'Good value' arb raises retention fees again
The Architects Registration Board (arb) is to implement another price hike on its annual retention fee, just over a year since it last asked architects to dig deeper. Following a meeting led by chairwoman Barbara Kelly last week it was agreed that some of the extra cash would be used to supplement refurbishment work costs for the board's offices in Hallam Street, London, and to cover the costs of validation visits to schools of architecture.
The arb intends to lift fees for retention and registration from the current £50 per year fee to £55, a 10 per cent increase, following the 66 per cent rise from £30 to £50 in May last year.
arb chairwoman Barbara Kelly said the fee still represented 'good value' for registered architects. 'Our work is designed to enhance the standing of the profession and to protect the title of registered practitioners. Each year we take a good hard look at the board's financial position and weigh up our commitments against our real desire to keep the fee levels as low as possible.' A spokeswoman added that the Board felt it necessary to push through the new rises so soon because the figure had been 'suppressed' for so long (eight years static) under arcuk. She said that last year arb had intended a 'staggered' increase of the fee but denied that a further increase was already on the cards for next year. 'The bottom line is that it's still not very much money' she said.

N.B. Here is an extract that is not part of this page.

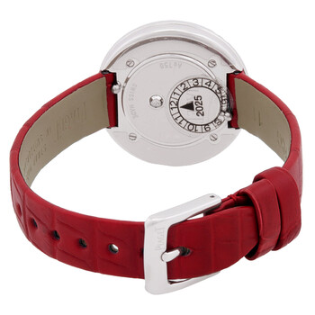 18kt white gold case with a red alligator leather strap. Rotating 18kt white gold set with 42 brilliant-cut diamonds (approx. 1.04 ct). Silver dial with silver-tone hands and diamond hour markers. Dial Type: Analog. Piaget Calibre 56P quartz movement. Scratch resistant sapphire crystal. Pull / push crown. Solid case back. Round case shape, case size: 29 mm, case thickness: 7.47 mm. Push button deployant buckle clasp. Water resistant at 30 meters / 100 feet. Functions: hour, minute. Possession Series. Luxury watch style. Watch label: Swiss Made. Piaget Possession Quartz Diamond Silver Dial Ladies Watch G0A44284.

The extra funds raised are also likely to go towards increased costs that will be incurred next year, such as the cost of using the Electoral Reform Society for the election of architect board members, an increase in National Insurance contributions and the 'basic' refurbishment of the arb offices. The arb had originally planned to move from its headquarters, but will now refurbish the property early next year after holding a competitive interview competition. De Rijke Marsh Morgan Architects has clinched the job. The project is defended by the arb as 'the minimum required to ensure operational efficiency', and will be part-funded by reserves left over from arcuk.
arb has also made a series of decisions on the investigation of complaints. It has imposed a six-year time limit on complaints against architects being accepted for investigation; will now investigate allegations of unacceptable professional conduct where an architect has successfully defended a civil action in the courts; and those subject to complaints will be notified as soon as possible and allowed to reply to allegations. The new targets will come into operation on 1 September.